= DATA PROVIDED =
┄┄┄┄┄┄┄┄┄┄
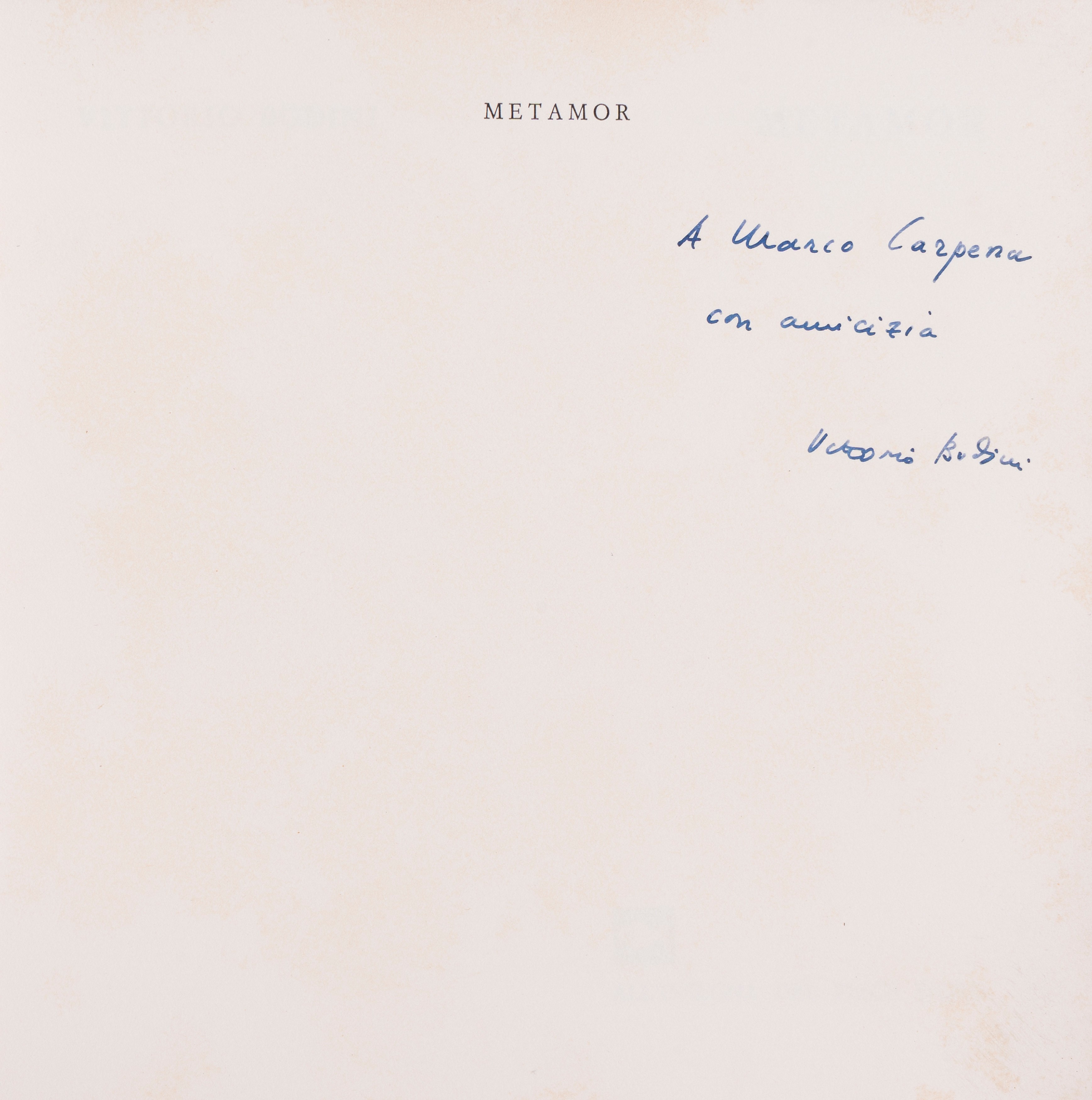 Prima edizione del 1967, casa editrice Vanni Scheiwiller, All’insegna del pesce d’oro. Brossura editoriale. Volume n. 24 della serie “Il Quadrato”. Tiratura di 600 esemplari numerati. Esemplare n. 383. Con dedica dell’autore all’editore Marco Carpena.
┄┄┄┄┄┄┄┄┄┄
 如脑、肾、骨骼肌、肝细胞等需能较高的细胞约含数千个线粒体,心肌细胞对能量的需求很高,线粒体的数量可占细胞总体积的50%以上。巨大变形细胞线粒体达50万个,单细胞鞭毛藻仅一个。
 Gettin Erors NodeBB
┄┄┄┄┄┄┄┄┄┄
= ASSIGNMENT =
Within the material above, the line with "如脑、肾、骨骼肌、肝细胞等需" opens the range and the line with "Gettin Erors NodeBB" closes it; reproduce that range word for word.

= ANSWER SPACE =
 如脑、肾、骨骼肌、肝细胞等需能较高的细胞约含数千个线粒体,心肌细胞对能量的需求很高,线粒体的数量可占细胞总体积的50%以上。巨大变形细胞线粒体达50万个,单细胞鞭毛藻仅一个。
 Gettin Erors NodeBB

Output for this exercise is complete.